All image analyses were performed by two neuroradiologists (6 years of clinical experience in neuroradiology and 18 years of clinical experience in neuroradiology, respectively) who were blinded to reference standards and clinical information. Conventional MRI features, including tumor necrosis, orbit invasion, soft tissue invasion other than orbit, intracranial invasion, loss of convoluted cerebriform pattern, and bony erosion on CT, were analyzed with the consensus of the two readers. These are known to be imaging features of malignant transformation among patients with IP (3,4,5,6). We defined a convoluted cerebriform pattern on T2-weighted or contrast-enhanced T1-weighted imaging as a mixture of linear or curvilinear hyperintense or hypointense striations visualized in the solid portion of the tumor (4). The loss of convoluted cerebriform pattern was categorized as absent, partial, or diffuse (3,5).

To perform a histogram analysis of ADC, ADC maps were digitally transferred from a picture archiving and communication system to a personal computer. One of the authors drew a region of interest (ROI) on the ADC map using ITK-SNAP (Penn Image Computing and Science Laboratory at the University of Pennsylvania and the Scientific Computing and Imaging Institute at the University of Utah, USA, http://www.itksnap.org/pmwiki/pmwiki.php) with a semi-automatic method. The boundary of a tumor was defined with reference to T2-weighted and contrast-enhanced T1-weighted images. The ROIs were carefully placed to cover the entire volume of the tumor. An in-house software developed from ImageJ (National Institute of Health, USA, https://imagej.nih.gov/ij/download.html) was used to perform the ADC histogram analysis. ADC histograms were plotted with ADC values on the x-axis and the relative frequency in each bin on the y-axis.
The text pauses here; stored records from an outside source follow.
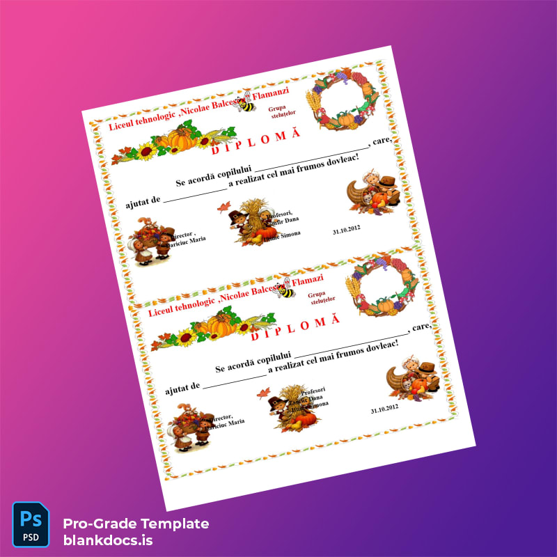Discover the comprehensive and fully customizable Romania Liceul Tehnologic Nicolae Balcescu Flamazi Diploma Template available in both Word and PDF formats. Designed for professionals who require a polished, authentic diplomas instantly, this template offers supreme flexibility and high-quality design precision ensuring your documents meet official standards.
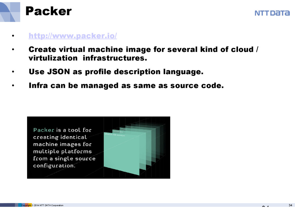 • Create virtual machine image for several kind of cloud / virtulization infrastructures. • Use JSON as profile description language. • Infra can be managed as same as source code.
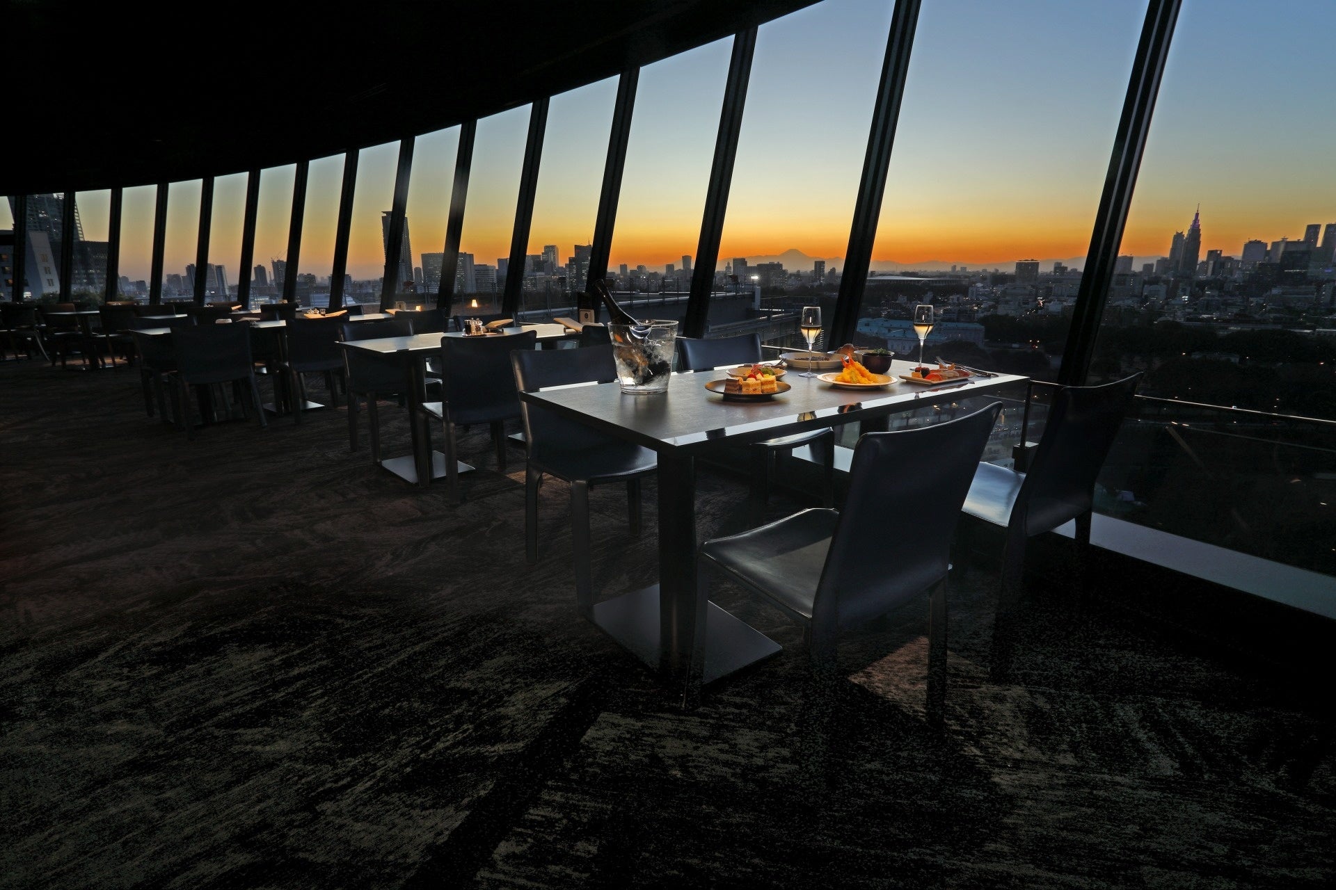 東京の名所の数々を360°パノラマの眺望で愉しめる、絶景ビュッフェレストラン。

The mean of ADC, 5th, 10th, 15th, 20th, and 25th percentile ADC cutoffs were derived from the cumulative overall curves of the ADC histograms. The nth percentile was the point at which the n percent of the voxel values forming the histogram was found to the left.

Statistical Analysis

All statistical analyses were conducted using the commercial statistical software (SPSS Statistics for Windows, version 21 [IBM Corp.] & R, version 3.6.1 [R Foundation for Statistical Computing]), and the level of statistical significance was defined as p < 0.05. All parameters were compared between patients with IP-SCC and those with IP. To test the differences between the two groups, binary variables were compared using the chi-square test or Fisher's exact test, and continuous variables were compared using Student's t test.
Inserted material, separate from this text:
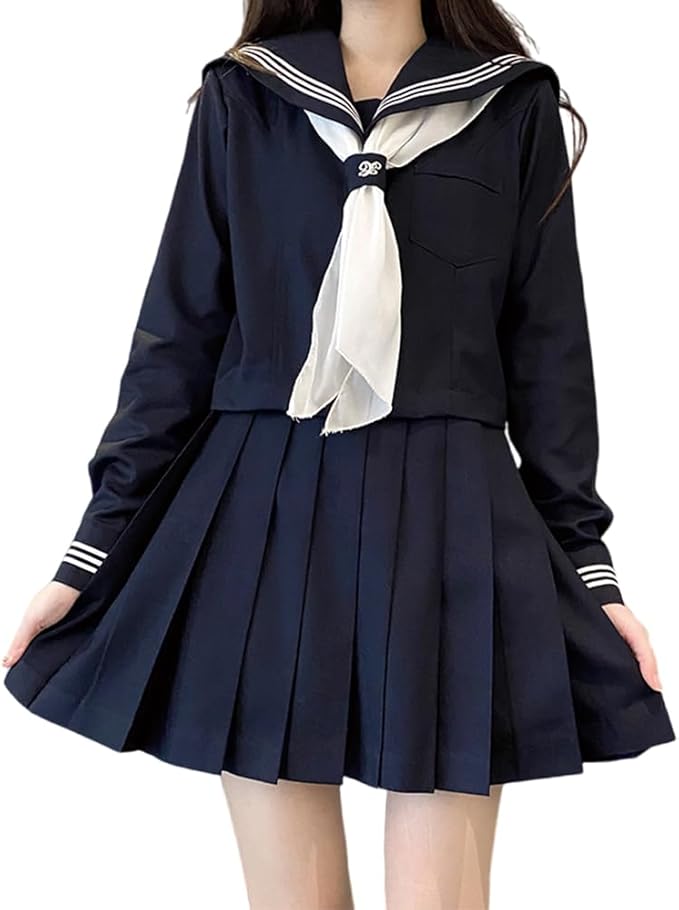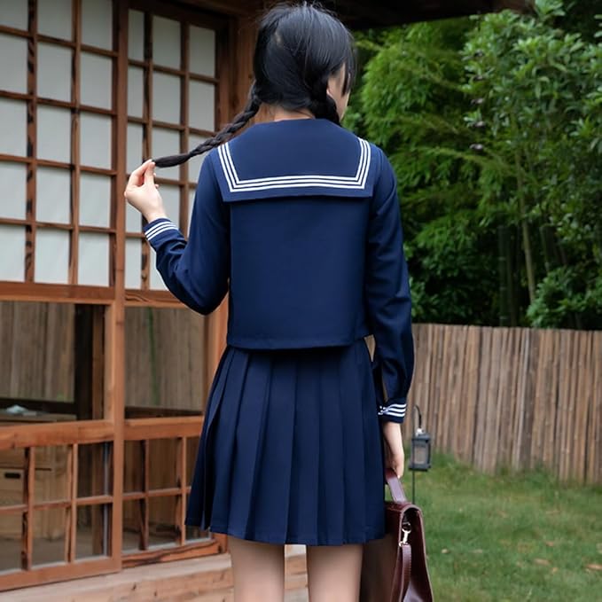 GSYCL セーラー服 紺色 女子高生 3点セット ハロウィン 仮装 JK 制服 コスチューム 長袖 前開き 上下セット プリーツスカート 人気 女子制服 本格制服 紺三本 文化祭 学园歳 卒業式 清純 可愛い ネイビー (M)

C-statistics and Youden index (13) values were obtained to calculate the sensitivity and specificity of conventional imaging features, and ADC histogram parameters were used to predict malignant transformation in patients with IP. Partial or diffuse loss of convoluted cerebriform patterns was defined as test positivity. Inter-observer agreement for loss of convoluted cerebriform was analyzed using weighted kappa (14). Kappa values were classified as 0–0.20, slight; 0.21–0.40, fair; 0.41–0.60, moderate; 0.61–0.80, substantial; 0.81–1.00, almost perfect. In addition, classification and regression tree analysis were performed to determine the most significant predictors of malignant transformation in patients with IP among multiple covariates, including age, sex, history of treatment, conventional imaging features, and ADC histogram parameters. The minimum number of cases in the parent and child nodes was 20 each. The maximum tree depth was 30. The final tree was selected by cross-validation pruning based on minimal error. The performance of the decision tree model was evaluated using C-statistics. The sensitivity, specificity, and accuracy of the model were also calculated.

RESULTS

Patient Characteristics

The demographic characteristics of the patients are shown in Table 1. Of 62 patients with IP, 21 (34%) had IP-SCC. Among these 21 patients, 16 diagnoses were confirmed by surgery, and five by biopsy. All 41 patients with IP underwent surgical resection. Among the 62 patients with IP, 12 (19%) had a history of treatment for IP. The mean tumor volume was significantly larger among patients with IP-SCC than those without (p < 0.001). The mean time interval between head and neck MRI and surgery or biopsy was 26 days (standard deviation, 24 days), which showed no statistical difference between IP (30 days) and IP-SCC (20 days) (p = 0.142).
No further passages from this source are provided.